Is there a Welsh recipe called cacan menyn?

  • 2
    For a start there's a typo: my Welsh dictionary has cacen*=>*cake, but cake*=>*teisen. I've seen a few hints as to the existence of both cacen menyn and teisen menyn, but nothing definitive.
    – Chris H
    Commented Sep 11, 2019 at 10:25
  • It looks like the name originates from the Briton language, which is essentially the same as some regions of Wales (closer to Southen dielectric), but the wiki page makes no mention of anything but the language. My family is welsh and I've never seen a cake like this.
    – Gamora
    Commented Sep 12, 2019 at 14:58

2 Answers 2


I've had a whole lot of Welsh desserts based largely on butter :-), but never anything approaching a kouign amann. Never anything approaching it anywhere else than in Brittany in fact, or made by Bretons. Your problem may be a lot greater than a linguistic translation. There's a reason there's not an equivalent in French for instance.

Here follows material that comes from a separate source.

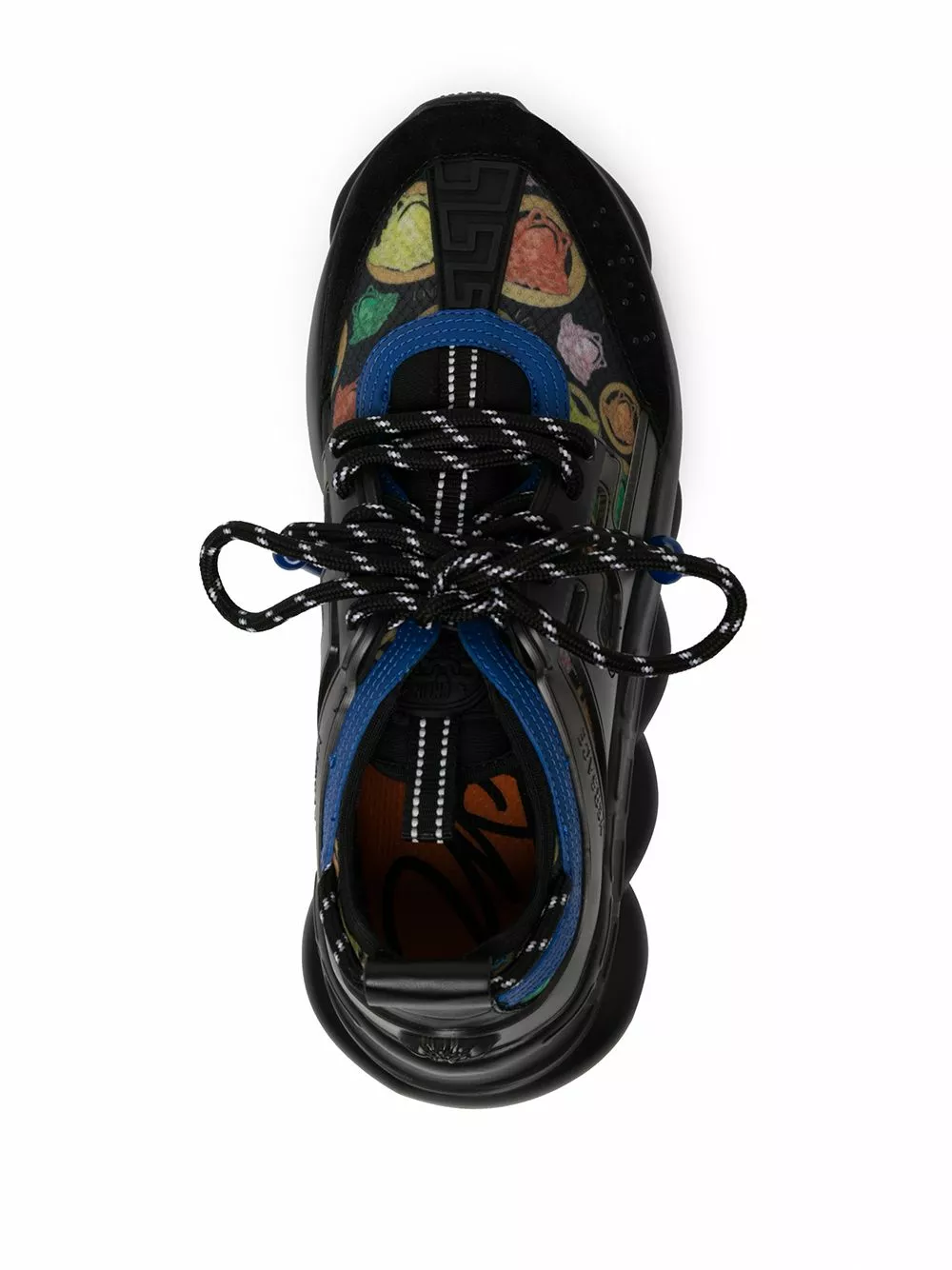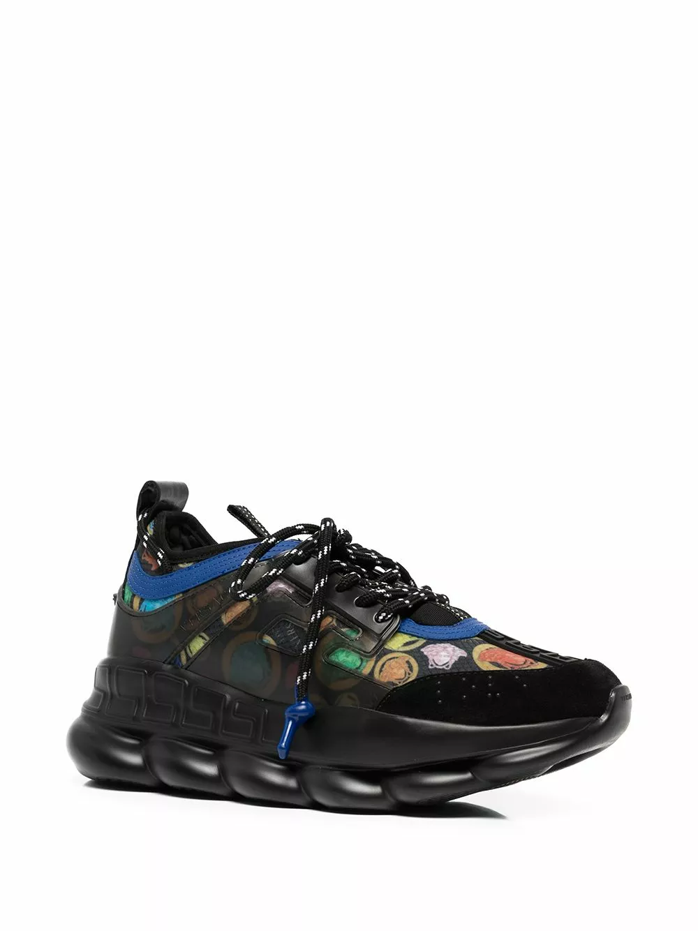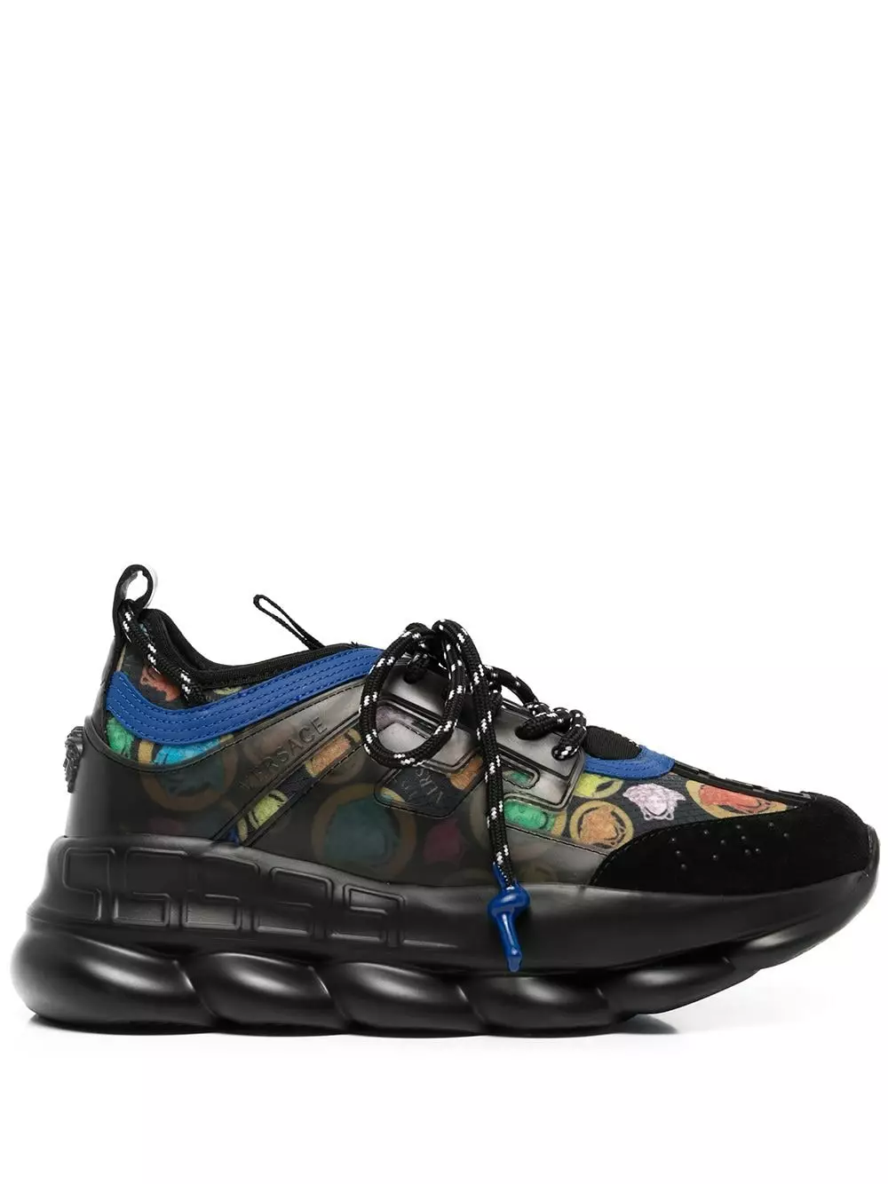 Using key motifs of the brand, such as the Medusa head and Greca pattern, it makes this pair of lace-up sneakers from Versace instantly recognisable. In a multicolour palette, this detailing also reflects the signature bold approach to opulence.
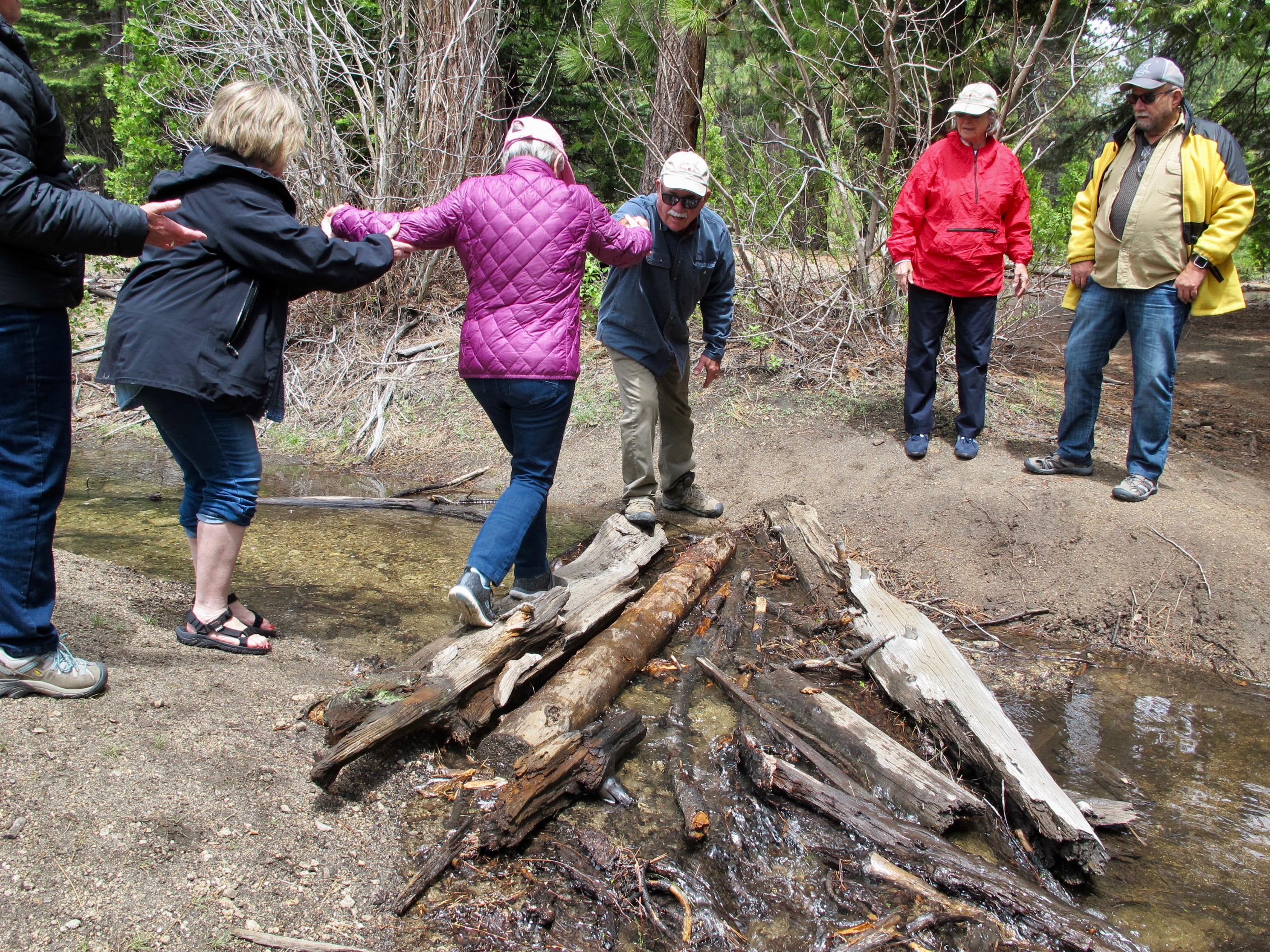The calm creek became deeper and we had to ford it with the help of many people. It was too cold to run around with wet feet. That is, except Mike, who rolled up her pants and waded across one time. The rest of us were chicken.

There doesn't appear to be (I know very little Welsh but enough to guess at a few terms with the aid of a dictionary).

There are a few recipes called "cacen menyn" (note the typo in Wikipedia) but they differ from kouign amann, and certainly aren't the celebrated dish that kouign amann is. Various recipes under similar names have less butter and don't use layer in butter and sugar like in kouign amann.

This one for example uses baking soda (the kuoign amann recipes I've seen use yeast) and has added nuts and chocolate icing.

If you can get hold of a copy of "Favourite Welsh teatime recipes" you may find something under the same name.